First feature, spare palette: Zoe Cassavetes brought in Scratch Massive to keep the music modern, continental, and intimate rather than orchestral. The duo’s production credit runs through the cues, with additional music production roles documented across the album and film credits. Music supervision is credited to Jamie Lowry, with label-side executive production support that helped align the boutique OST release. (as reported by industry databases and album credits)

Reception & Quotes

Critics received the film warmly for Parker Posey’s performance and the film’s understated tone; the score’s restraint fit the vibe. Aggregated scores landed in “fresh/mixed-positive” territory.

“Parker Posey again proves her necessity to the indie film world.” The Hollywood Reporter
“A promising first film with moments exceeding that promise.” Chicago Tribune (via consensus summaries)

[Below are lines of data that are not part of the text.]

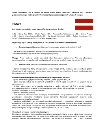Zanim wybierzesz się w podróż ze swoją nowo nabytą przyczepą, zapoznaj się z naszym przewodnikiem po ważniejszych informacjach i przepisach drogowych w krajach Europy: Łotwa Dni świąteczne, w które mogą wystąpić zmiany ruchu na drodze: 1.01. – Nowy Rok, 29.03. – Wielki Piątek, 1.04. – Poniedziałek Wielkanocny, 1.05. – Święto Pracy, 4.05. – Święto Niepodległości, 23./24.06. – Św. Jana (równonoc), 18.11. – Święto Narodowe, 25.26.12. – Boże Narodzenie, 31.12. – Wigilia Nowego Roku Wybierając się na Łotwę, należy mieć ze sobą ważne dokumenty i ubezpieczenie: • dokumenty podróży uprawniające do bezwizowego wjazdu i pobytu (do 90 dni): - paszport ważny minimum 3 miesiące ponad planowany okres pobytu - dowód osobisty ważny minimum 6 miesięcy (nowy wzór). Uwaga: Przed podróżą należy sprawdzić stan techniczny dokumentu. Nie ma obowiązku zameldowania w przypadku osób przebywających na Łotwie w celach turystycznych do 90 dni. • ubezpieczenie: – wystarcza krajowe ubezpieczenie pojazdu OC - oprócz Europejskiej Karty Ubezpieczenia Zdrowotnego (NFZ), zalecane jest posiadanie polisy ubezpieczenia zdrowotnego, pokrywającej zarówno koszty ewentualnego leczenia szpitalnego, jak i transportu chorego do Polski. Przed wyruszeniem w podróż sprawdź niezbędne wyposażenie pojazdu: - opony o minimalnej głębokości rzeźby bieżnika 1,6 mm (pojazdy do 3,5 t) - pasy bezpieczeństwa na siedzeniach przednich i tylnych (pod warunkiem, że pojazd ma je zamontowane) - trójkąt ostrzegawczy (w przypadku pojazdów o wadze większej niż 3,5 t oprócz trójkąta ostrzegawczego należy ustawiać dodatkowo lampę przenośną o żółtym pulsującym świetle) - gaśnica (obowiązek dotyczy autokarów) - apteczka pierwszej pomocy - kask ochronny dla kierowców motocykli, motorowerów i ich pasażerów (w zestawie kierowcy: podstawowe narzędzia, niezbędne części zamienne, komplet zapasowych żarówek oraz zabezpieczenie antywłamaniowe) - kamizelki odblaskowe we wszystkich pojazdach silnikowych – całodobowy obowiązek noszenia elementów odblaskowych przez kierowców wszystkich pojazdów. Noszenie kamizelek szczególnie zaleca się rowerzystom jadącym w nocy lub podczas niekorzystnych warunków atmosferycznych. Nieprzestrzeganie przepisu podlega karze w wysokości 5 LVL (ok. 7 EUR). Obowiązek używania świateł mijania dotyczy: kierującego pojazdem, który ma obowiązek włączenia świateł mijania zawsze od świtu do zmierzchu w warunkach złej widoczności. W sytuacji, gdy widoczność jest ograniczona do 50 m, można używać również świateł przeciwmgielnych. Zarówno we wszystkich tunelach, jak i poza terenem zabudowanym nakazuje się używania świateł mijania przez cały rok przez 24/h, jednak bez włączonych świateł postojowych. Zespoły jezdne powinny mieć następujące wymiary: - wysokość zewnętrzna – 3,8 m - szerokość zewnętrzna – 2,5 m - długość zewnętrzna zespołu pojazdów (samochód + przyczepa) – 18,75 m. Uprawnienia do prowadzenia pojazdu mają tylko osoby pełnoletnie, które ukończyły 18 lat. Posiadający prawo jazdy kategorii B mogą prowadzić pojazd o DMC do 3,5 t. Do prowadzenia zespołu pojazdów (samochód kat. B + przyczepa do 750 kg) uprawnione są osoby, które ukończyły już 21 lat i posiadają prawo jazdy kategorii BE. Zasady przewozu dzieci: Dzieci poniżej 10. roku życia o wzroście poniżej 150 cm muszą podróżować samochodem z odpowiednio dobranym zabezpieczeniem – w foteliku lub na specjalnie do nich dostosowanym siedzisku na tylnym siedzeniu. W trakcie jazdy obowiązuje całkowity zakaz prowadzenia rozmów przez telefon komórkowy bez przystosowanego w tym celu sprzętu głośnomówiącego. Na drodze należy poruszać się zgodnie z tabelą ograniczenia prędkości, km/h: - na terenie zabudowanym: do 50 km/h, o ile znaki nie wskazują inaczej. - teren niezabudowany drogi inne drogi 2-pasmowe motocykl, pojazd do 7,5 t, autokar 110*) 90 pojazdy do 7,5 t z przyczepą, autokar z przyczepą, pojazd powyżej 7,5 tony 90*) 80 *) w okresie od 1 grudnia do 1 marca ograniczenia prędkości zmniejszają się odpowiednio do 90 km/h i 80 km/h. Należy zaznaczyć, że na Łotwie jest tylko jeden odcinek autostrady (Jurmala – Ryga) gdzie można rozwinąć prędkość do 100 km/h, na większości dróg ograniczenie prędkości nie przekracza 90 km/h. Ruchu pojazdów handlowych nie podlega szczególnym ograniczeniom. Czynne całodobowo drogowe przejścia graniczne: z Białorusią (pn.-pd.): Paternieki – z Litwą (wsch.-zach.): Medumi – Smeline Subate – Obeliai Grigorovscina Silene – Urbani Grenctale – Salociai Meitene – Kalvai Ezere – Buknacai Pludoni – z Rosją (pn.-pł.): Karsava Skuodas Rucava – Butinge (Pededze) Zilupe (Terehova)Sebez z Estonią (wsch.-zach.): Veclaicene – Murati Valka – Valga Ainazi – Ikla Kwestia opłat drogowych na Łotwie – sieć drogowa Łotwy liczy ok. 14 500 km autostrad i dróg ekspresowych. Nie obowiązuje viaTOLL, czyli nie pobiera się opłaty od turystów korzystających z dróg krajowych i autostrad: z Rygi do Jurmalii (15 km), czy mostem (803 m długości) Dienvidu przez rzekę Daugawę. Z jedyną opłatą wjazdową można się spotkać, wjeżdżając do aglomeracji miejskich, np. przy wjeździe do Jurmalii pobierana jest opłata 1 LVL od samochodu. Zimowe wyposażenie pojazdu - w okresie zimowym łańcuchów przeciwślizgowych można używać wyłącznie na drogach pokrytych warstwą śniegu wystarczającą do zabezpieczenia nawierzchni drogi. Od 1 grudnia do 1 marca obowiązuje nakaz korzystania z opon zimowych dla pojazdów do 3,5 t. Zabrania się używania opon okolcowanych w dniach od 1 maja do 1 października. W przypadku pojazdów wyposażonych w opony okolcowane nie narzuca się specjalnych ograniczeń prędkości. Jeśli potrzebujesz pomocy, a przebywasz obecnie na terytorium Litwy, skontaktuj się z: • 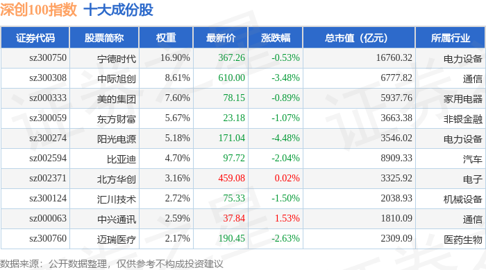 深创100(399088)指数十大成份股详情如下: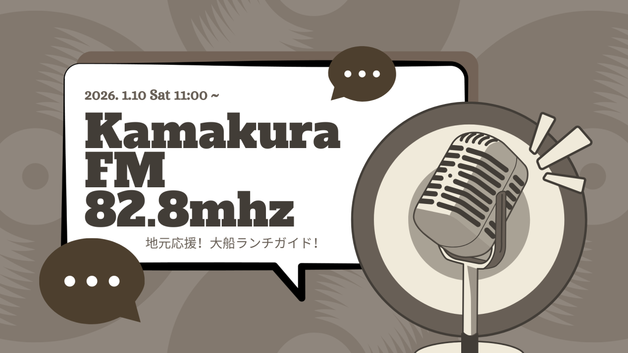 1月 10日(土)11時頃~ 出演するラジオ 鎌倉FM KAMAKURA GOODMORNING STATION 「地元応援!大船ランチガイド」でお話する内容をご紹介♪ グルメ&これからオープンする大船のお店の情報をお届けします!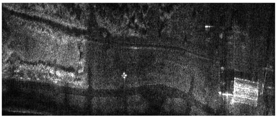 The influence of the navigation corrections obtained from the proposed INS/GPS system on SAR terrain images was determined using the WATSAR aerial system equipped with a Ku band (15.9 GHz) synthetic aperture radar []. The imaged area is shown in Figure 7, an image obtained without the use of navigation correction is presented in Figure 8, the image shown in Figure 9 was obtained using corrections originating from the INS system, while Figure 10 contains an image calculated using the INS/GPS system data. During the imaging, an aperture length of 501 elements and a rectangular window were used.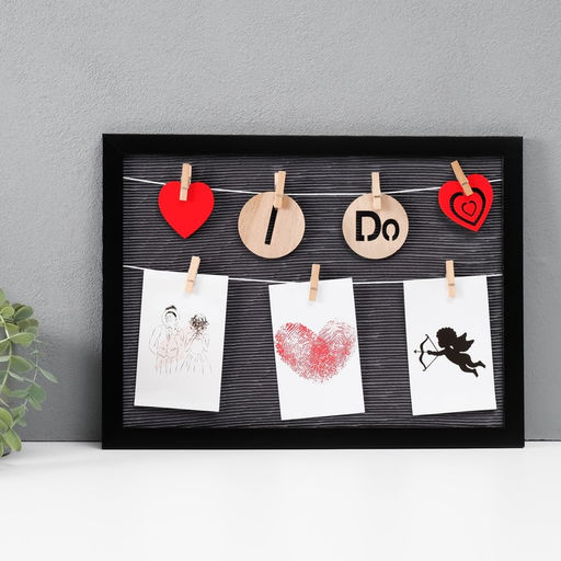 • Фоторамка - коллаж на 3 фото 9?13 см Я согласна, с прищепками, чёрная, 40?30?1.5 см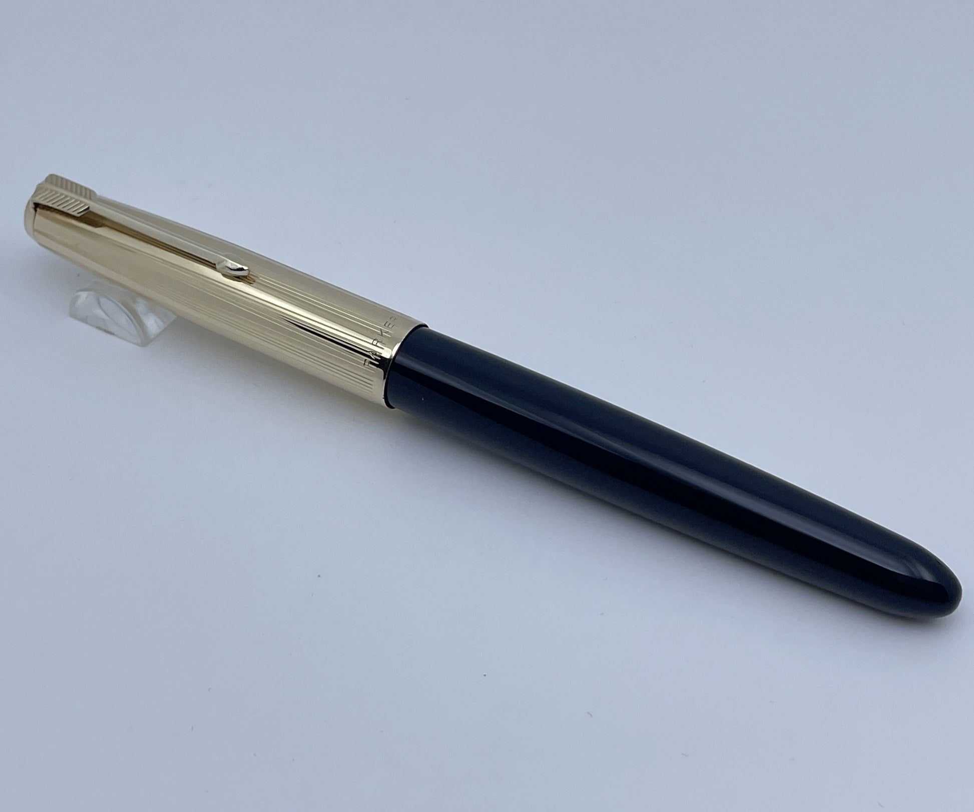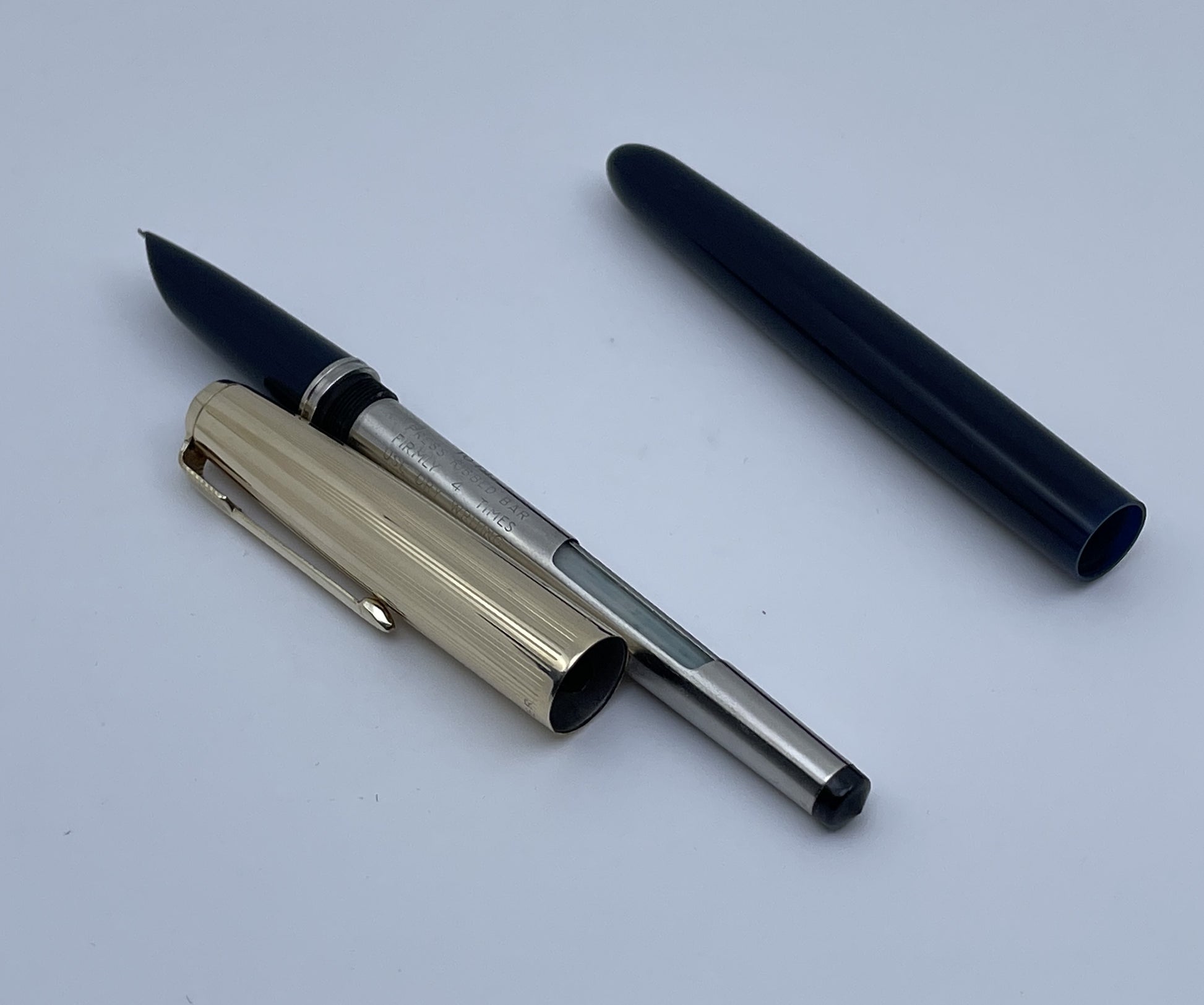 Vintage Parker 51 Aerometric Blue Barrel Gold Filled Cap Fountain Pen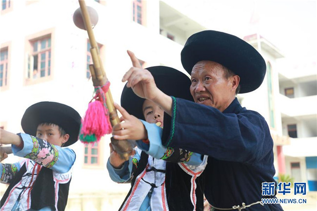 5月14日,在畢節(jié)市黔西縣協(xié)和鎮(zhèn)立新村立新小學(xué),老師在指導(dǎo)學(xué)生學(xué)習(xí)蘆笙。新華社發(fā)(周訓(xùn)超 攝)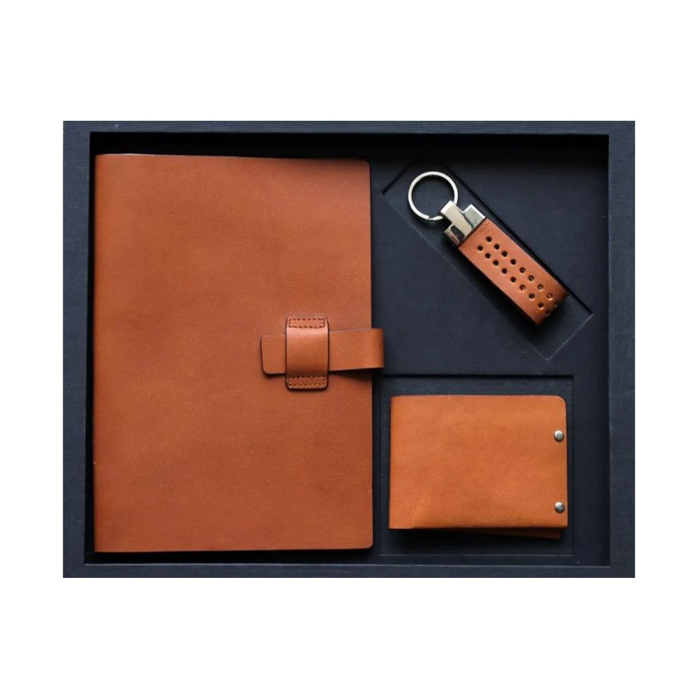 • **کمال در هماهنگی:** هر سه قلم (سررسید، جاکارتی، جاکلیدی) از لحاظ بافت چرم کاملاً یکسان هستند.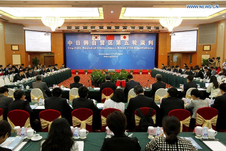 The fifth round of China-Japan-Korea FTA negotiations is held in Beijing, capital of China, Sept. 1, 2014. The fifth round of trilateral talks on the free trade agreement (FTA) among China, Japan and South Korea started on Monday and will last till Sept. 5th. (Xinhua/Xing Guangli) |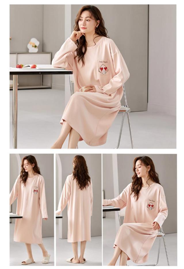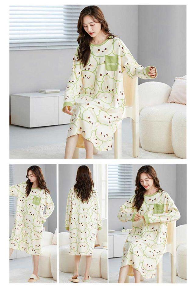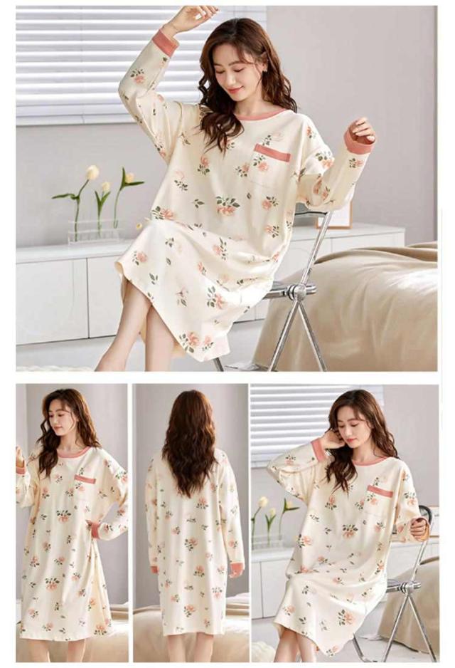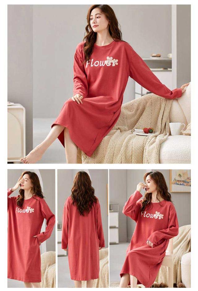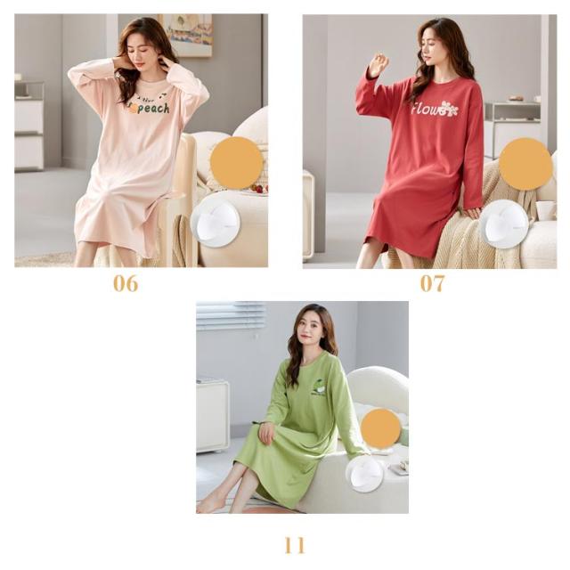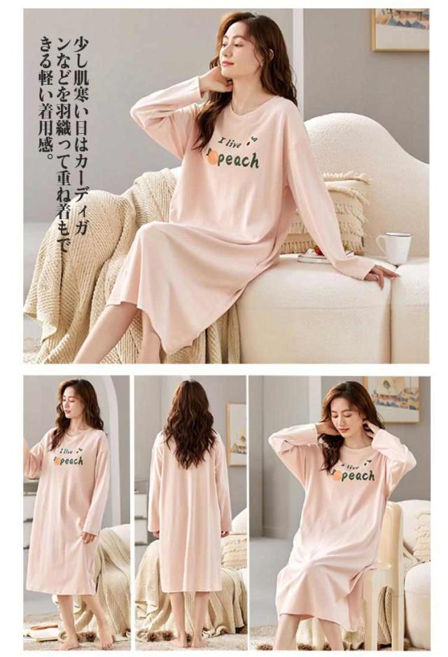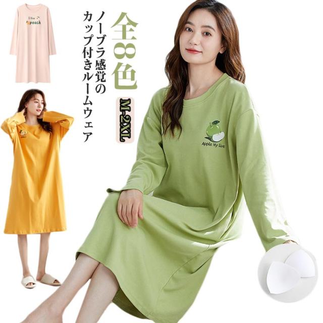 ルームウェア ワンピース パジャマ カップ付き 長袖 綿 ノンワイヤー おしゃれ 部屋着 プレゼント ロング丈 胸パッド付き 寝間着 かわいい 誕生日 コットン 秋 冬

The OST itself—lean, moody, cohesive—sits comfortably in the late-2000s electronic/indie soundtrack wave. (as echoed by AllMusic’s categorization)

Technical Info

  • Title: Broken English — Original Motion Picture Soundtrack
  • Year / Type: 2007 / Movie
  • Composer / Score: Scratch Massive
  • Notable Licensed Track: “Loch” — I Am Kloot
  • End-Credits Cut: “Broken English” — Marianne Faithfull
  • Music Supervision: Jamie Lowry
  • Label / Release: Commotion / Koch; street date August 28, 2007; ~52:45 runtime
  • Availability: CD (original release); digital streaming on major services (regional availability may vary)
  • Film Context: Premiered Sundance (Jan 20, 2007); US release by Magnolia Pictures; runtime ~96 minutes

Canonical Entities & Relations

SubjectRelationObject
Scratch Massivecomposed score forBroken English (2007 film)
Zoe R. CassavetesdirectedBroken English (2007 film)
Parker Poseystarred asNora Wilder
Commotion / KochreleasedBroken English (Original Soundtrack) CD
I Am Klootperformed“Loch” (licensed track)
Marianne Faithfullperformed“Broken English” (end-credits song on OST)
Jamie Lowrymusic supervisionBroken English (2007)
Magnolia PicturesdistributedBroken English (US)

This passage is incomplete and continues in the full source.